[EXERCISE]:
Under this line is a listing; return exactly the lines starting at the one with "コーデュロイジャケット レディース韓国ファッショントレンドスタイルホワイト秋物ウィンター コットン" and running down to the one with "We watched the", and leave out its pictures.

[RECORDS TO USE]:
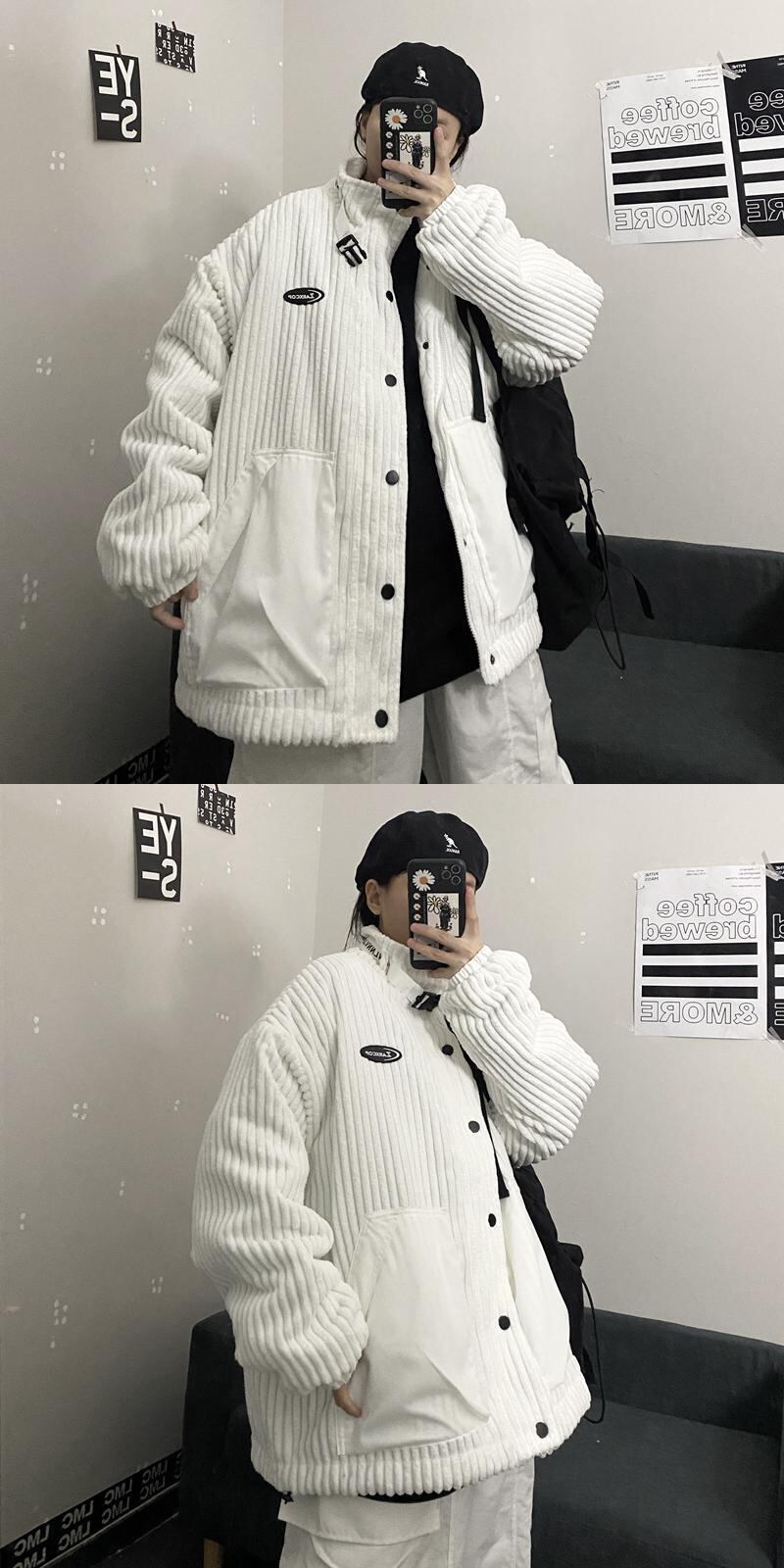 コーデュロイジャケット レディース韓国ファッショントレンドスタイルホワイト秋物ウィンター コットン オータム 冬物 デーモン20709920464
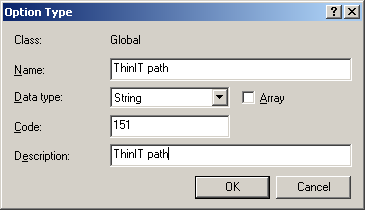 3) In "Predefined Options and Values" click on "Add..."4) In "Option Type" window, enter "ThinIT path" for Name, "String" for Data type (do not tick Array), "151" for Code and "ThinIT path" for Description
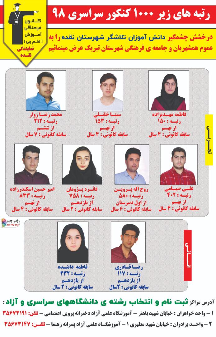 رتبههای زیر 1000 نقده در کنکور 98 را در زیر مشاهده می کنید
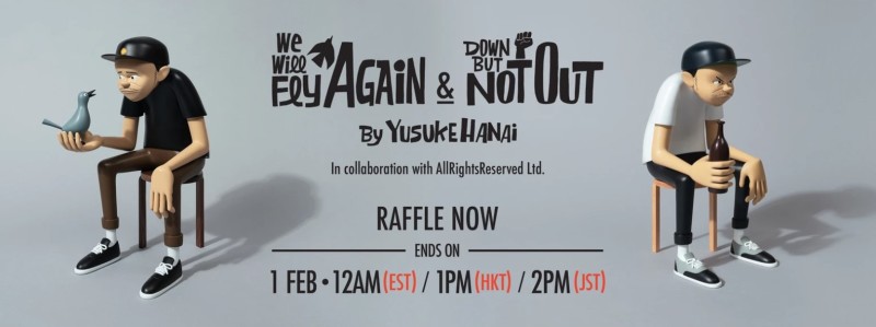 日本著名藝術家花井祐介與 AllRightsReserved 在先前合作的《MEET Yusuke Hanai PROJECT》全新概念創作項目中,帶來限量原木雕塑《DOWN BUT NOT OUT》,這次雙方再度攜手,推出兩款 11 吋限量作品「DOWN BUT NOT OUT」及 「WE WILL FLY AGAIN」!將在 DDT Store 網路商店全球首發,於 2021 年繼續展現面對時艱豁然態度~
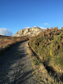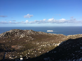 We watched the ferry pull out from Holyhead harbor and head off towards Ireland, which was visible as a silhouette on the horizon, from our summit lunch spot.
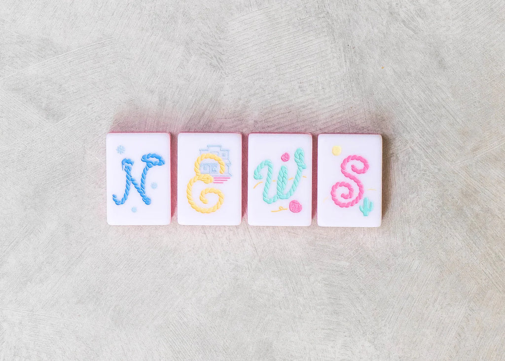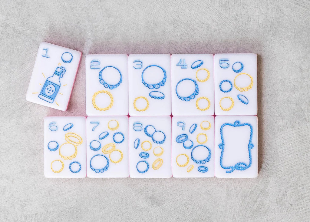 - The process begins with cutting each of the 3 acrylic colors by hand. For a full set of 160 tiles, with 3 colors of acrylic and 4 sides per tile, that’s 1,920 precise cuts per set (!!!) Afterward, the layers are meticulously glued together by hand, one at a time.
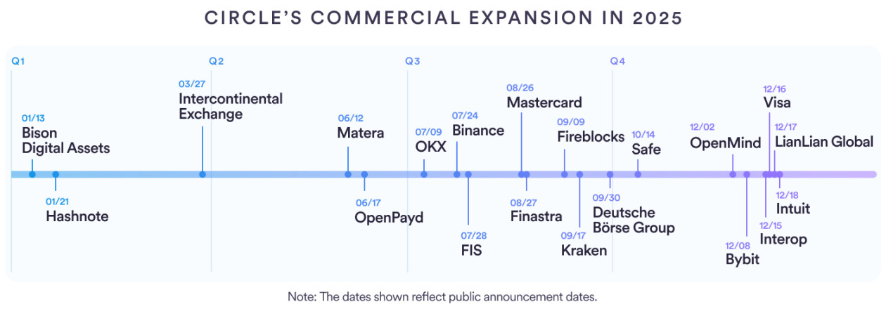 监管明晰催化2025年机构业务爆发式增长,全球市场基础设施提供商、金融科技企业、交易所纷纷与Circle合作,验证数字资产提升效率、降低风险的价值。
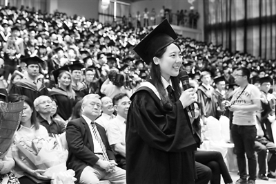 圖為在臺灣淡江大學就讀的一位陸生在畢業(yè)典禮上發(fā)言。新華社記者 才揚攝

...

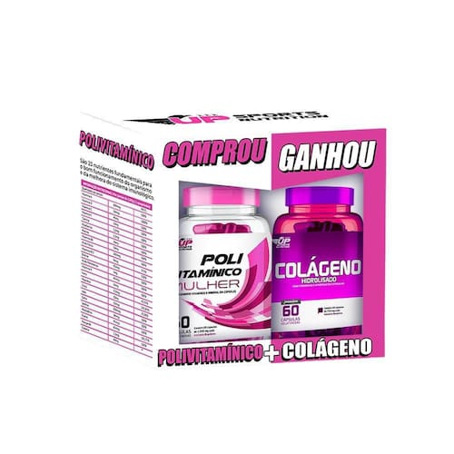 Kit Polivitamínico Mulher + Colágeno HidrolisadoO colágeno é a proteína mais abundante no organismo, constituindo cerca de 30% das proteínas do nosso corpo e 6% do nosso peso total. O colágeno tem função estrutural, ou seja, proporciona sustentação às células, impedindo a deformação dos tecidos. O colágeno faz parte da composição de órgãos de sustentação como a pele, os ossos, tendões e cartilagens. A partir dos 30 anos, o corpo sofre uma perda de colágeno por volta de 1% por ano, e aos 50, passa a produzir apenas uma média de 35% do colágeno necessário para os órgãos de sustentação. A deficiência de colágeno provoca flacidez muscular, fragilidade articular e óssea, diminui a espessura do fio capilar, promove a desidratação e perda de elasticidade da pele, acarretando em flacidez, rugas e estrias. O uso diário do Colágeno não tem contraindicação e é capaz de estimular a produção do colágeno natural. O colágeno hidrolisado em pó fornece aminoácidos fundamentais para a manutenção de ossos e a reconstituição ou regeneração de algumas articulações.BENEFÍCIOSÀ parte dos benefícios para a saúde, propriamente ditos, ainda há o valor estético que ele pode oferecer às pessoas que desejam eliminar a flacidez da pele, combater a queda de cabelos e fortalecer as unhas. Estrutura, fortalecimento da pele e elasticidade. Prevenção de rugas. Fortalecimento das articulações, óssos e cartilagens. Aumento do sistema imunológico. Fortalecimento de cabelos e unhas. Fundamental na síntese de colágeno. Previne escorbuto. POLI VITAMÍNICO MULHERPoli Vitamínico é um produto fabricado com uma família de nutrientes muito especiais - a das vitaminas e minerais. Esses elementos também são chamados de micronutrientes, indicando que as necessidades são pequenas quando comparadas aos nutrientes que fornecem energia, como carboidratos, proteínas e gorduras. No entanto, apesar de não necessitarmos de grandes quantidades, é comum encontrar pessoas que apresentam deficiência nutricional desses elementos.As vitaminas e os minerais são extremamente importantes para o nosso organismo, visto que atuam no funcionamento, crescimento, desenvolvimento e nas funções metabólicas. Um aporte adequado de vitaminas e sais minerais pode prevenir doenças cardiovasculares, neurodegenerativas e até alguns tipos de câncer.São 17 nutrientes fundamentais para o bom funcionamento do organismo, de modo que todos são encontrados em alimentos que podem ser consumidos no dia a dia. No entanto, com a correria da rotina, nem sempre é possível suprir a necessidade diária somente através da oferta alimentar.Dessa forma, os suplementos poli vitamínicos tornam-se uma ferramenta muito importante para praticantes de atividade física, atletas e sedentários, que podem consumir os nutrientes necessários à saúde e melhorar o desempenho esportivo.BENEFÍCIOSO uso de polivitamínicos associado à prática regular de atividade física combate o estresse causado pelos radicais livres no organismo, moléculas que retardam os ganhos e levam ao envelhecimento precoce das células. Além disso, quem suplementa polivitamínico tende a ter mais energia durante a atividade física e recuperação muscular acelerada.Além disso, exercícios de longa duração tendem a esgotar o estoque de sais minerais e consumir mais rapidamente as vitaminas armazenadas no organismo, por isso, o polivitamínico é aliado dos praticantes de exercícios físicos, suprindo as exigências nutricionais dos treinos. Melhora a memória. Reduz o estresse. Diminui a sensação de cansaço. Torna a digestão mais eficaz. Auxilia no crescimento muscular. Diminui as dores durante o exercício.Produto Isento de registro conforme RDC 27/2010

[WRITTEN SOLUTION]:
 コーデュロイジャケット レディース韓国ファッショントレンドスタイルホワイト秋物ウィンター コットン オータム 冬物 デーモン20709920464
 3) In "Predefined Options and Values" click on "Add..."4) In "Option Type" window, enter "ThinIT path" for Name, "String" for Data type (do not tick Array), "151" for Code and "ThinIT path" for Description
 رتبههای زیر 1000 نقده در کنکور 98 را در زیر مشاهده می کنید
 日本著名藝術家花井祐介與 AllRightsReserved 在先前合作的《MEET Yusuke Hanai PROJECT》全新概念創作項目中,帶來限量原木雕塑《DOWN BUT NOT OUT》,這次雙方再度攜手,推出兩款 11 吋限量作品「DOWN BUT NOT OUT」及 「WE WILL FLY AGAIN」!將在 DDT Store 網路商店全球首發,於 2021 年繼續展現面對時艱豁然態度~
 We watched the ferry pull out from Holyhead harbor and head off towards Ireland, which was visible as a silhouette on the horizon, from our summit lunch spot.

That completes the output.